Task requirements
The lines to return run from the start of the material below through the line holding "極限まで研ぎ澄まされた感覚の", both included; please give them back exactly, minus the pictures.

Collected data
☆ ☆ ☆ ☆ ☆ ☆ ☆
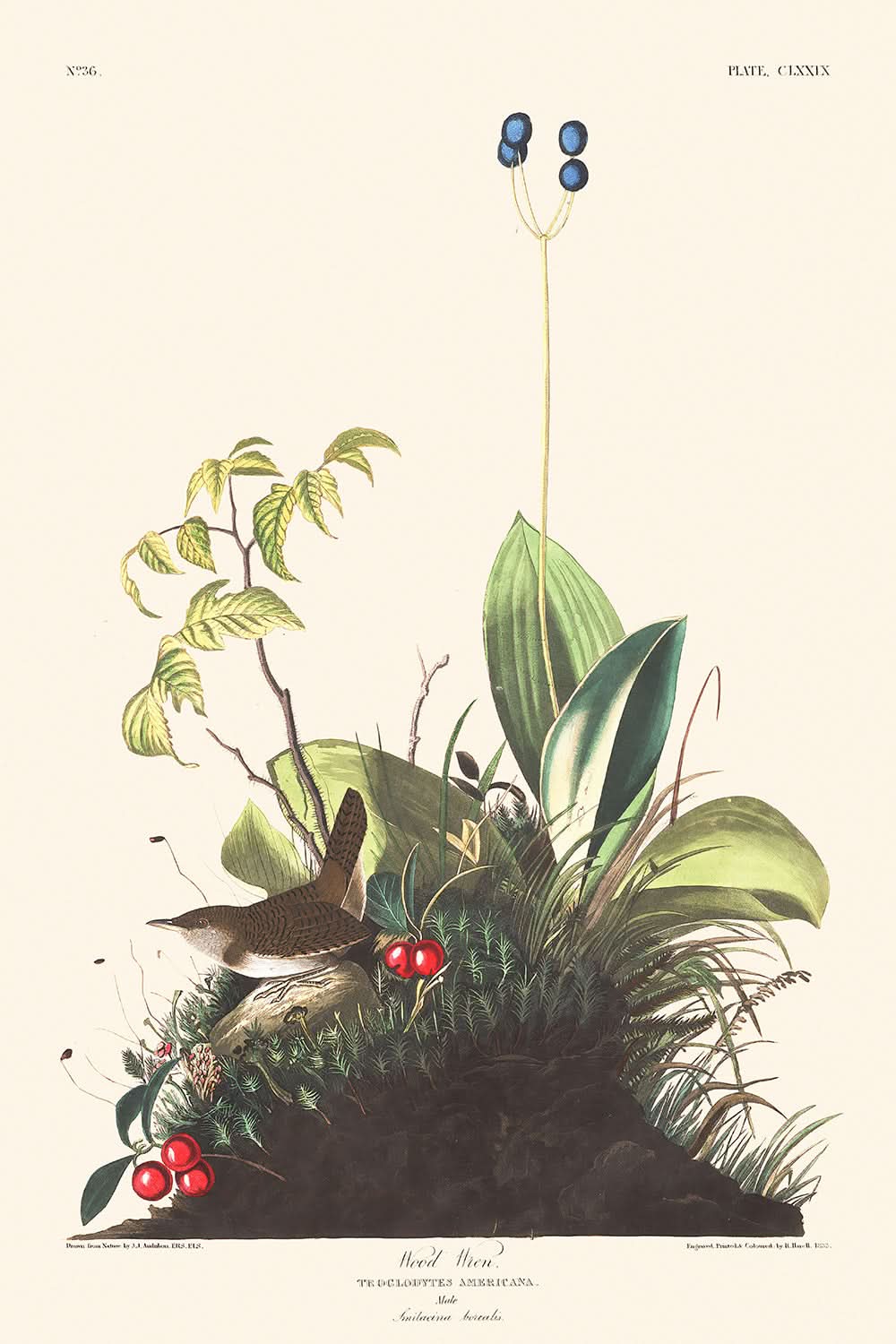 The Wood Wren illustration is notable not only for its historical release year but for the insight it provides into previously undocumented aspects of the species, such as its distinctive nesting habits and the unique coloration of its eggs. The artwork evokes a profound connection to the avian world of the 19th century, underscored by Audubon's firsthand descriptions of the wren's behavioral patterns.
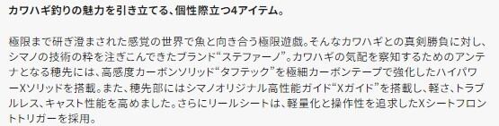 極限まで研ぎ澄まされた感覚の世界で魚と向き合う極限遊戯。そんなカワハギとの真剣勝負に対し、シマノの技術の粋を注ぎこんできたブランド“ステファーノ”。カワハギの気配を察知するためのアンテナとなる穂先には、高感度カーボンソリッド“タフテック”を極細カーボンテープで強化したハイパワーXソリッドを搭載。また、穂先部にはシマノオリジナル高性能ガイド“Xガイド”を搭載し、軽さ、トラブルレス、キャスト性能を高めました。さらにリールシートは、軽量化と操作性を追求したXシートフロントトリガーを採用。
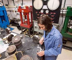 The temperature of Earth's interior affects everything from the movement of tectonic plates to the formation of the planet. A new study led by Woods Hole Oceanographic Institution (WHOI) suggests the mantle - the mostly solid, rocky part of Earth's interior that lies between its super-heated core and its outer crustal layer - may be hotter than previously believed. The new finding, published March 3 in the journal Science, could change how scientists think about many issues in Earth science including how ocean basins form. "At mid-ocean ridges, the tectonic plates that form the seafloor gradually spread apart," said the study's lead author Emily Sarafian, a graduate student in the MIT-WHOI Joint Program. "Rock from the upper mantle slowly rises to fill the void between the plates, melting as the pressure decreases, then cooling and re-solidifying to form new crust along the ocean bottom. We wanted to be able to model this process, so we needed to know the temperature at which rising mantle rock starts to melt." But determining that temperature isn't easy. Since it's not possible to measure the mantle's temperature directly, geologists have to estimate it through laboratory experiments that simulate the high pressures and temperatures inside the Earth. Water is a critical component of the equation: the more water (or hydrogen) in rock, the lower the temperature at which it will melt. The peridotite rock that makes up the upper mantle is known to contain a small amount of water. "But we don't know specifically how the addition of water changes this melting point," said Sarafian's advisor, WHOI geochemist Glenn Gaetani. "So there's still a lot of uncertainty." To figure out how the water content of mantle rock affects its melting point, Sarafian conducted a series of lab experiments using a piston-cylinder apparatus , a machine that uses electrical current, heavy metal plates, and stacks of pistons in order to magnify force to recreate the high temperatures and pressures found deep inside the Earth. Following standard experimental methodology, Sarafian created a synthetic mantle sample. She used a known, standardized mineral composition and dried it out in an oven to remove as much water as possible. Until now, in experiments like these, scientists studying the composition of rocks have had to assume their starting material was completely dry, because the mineral grains they're working with are too small to analyze for water. After running their experiments, they correct their experimentally determined melting point to account for the amount of water known to be in the mantle rock. "The problem is, the starting materials are powders, and they adsorb atmospheric water," Sarafian said. "So, whether you added water or not, there's water in your experiment." Sarafian took a different approach. She modified her starting sample by adding spheres of a mineral called olivine, which occurs naturally in the mantle. The spheres were still tiny - about 300 micrometers in diameter, or the size of fine sand grains - but they were large enough for Sarafian to analyze their water content using secondary ion mass spectrometry (SIMS). From there, she was able to calculate the water content of her entire starting sample. To her surprise, she found it contained approximately the same amount of water known to be in the mantle. Based on her results, Sarafian concluded that mantle melting had to be starting at a shallower depth under the seafloor than previously expected. To verify her results, Sarafian turned magnetotellurics - a technique that analyzes the electrical conductivity of the crust and mantle under the seafloor. Molten rock conducts electricity much more than solid rock, and using magnetotelluric data, geophysicists can produce an image showing where melting is occurring in the mantle. But a magnetotelluric analysis published in Nature in 2013 by researchers at the Scripps Institution of Oceanography in San Diego showed that mantle rock was melting at a deeper depth under the sea floor than Sarafian's experimental data had suggested. At first, Sarafian's experimental results and the magnetotelluric observations seemed to conflict, but she knew both had to be correct. Reconciling the temperatures and pressures Sarafian measured in her experiments with the melting depth from the Scripps study led her to a startling conclusion: The oceanic upper mantle must be 60 C (~110 F) hotter than current estimates," Sarafian said. A 60-degree increase may not sound like a lot compared to a molten mantle temperature of more than 1,400 C. But Sarafian and Gaetani say the result is significant. For example, a hotter mantle would be more fluid, helping to explain the movement of rigid tectonic plates.
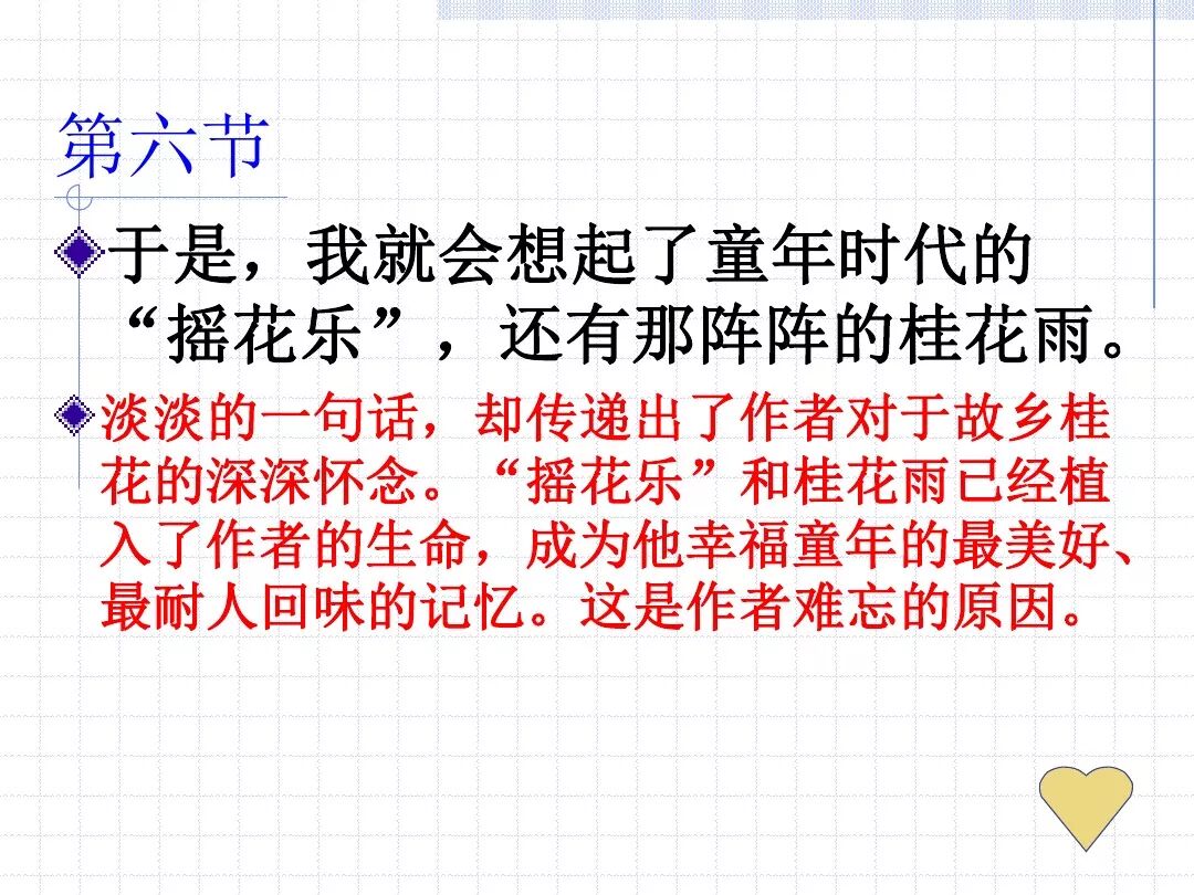 家乡的桂花,是跟作者童年的快乐连在一起的,那种“摇花乐”和桂花雨已植入了她的生命,成为她幸福童年的最美好、最耐人回味的记忆。
☆ ☆ ☆ ☆ ☆ ☆ ☆
Output of the exercise
 The Wood Wren illustration is notable not only for its historical release year but for the insight it provides into previously undocumented aspects of the species, such as its distinctive nesting habits and the unique coloration of its eggs. The artwork evokes a profound connection to the avian world of the 19th century, underscored by Audubon's firsthand descriptions of the wren's behavioral patterns.
 極限まで研ぎ澄まされた感覚の世界で魚と向き合う極限遊戯。そんなカワハギとの真剣勝負に対し、シマノの技術の粋を注ぎこんできたブランド“ステファーノ”。カワハギの気配を察知するためのアンテナとなる穂先には、高感度カーボンソリッド“タフテック”を極細カーボンテープで強化したハイパワーXソリッドを搭載。また、穂先部にはシマノオリジナル高性能ガイド“Xガイド”を搭載し、軽さ、トラブルレス、キャスト性能を高めました。さらにリールシートは、軽量化と操作性を追求したXシートフロントトリガーを採用。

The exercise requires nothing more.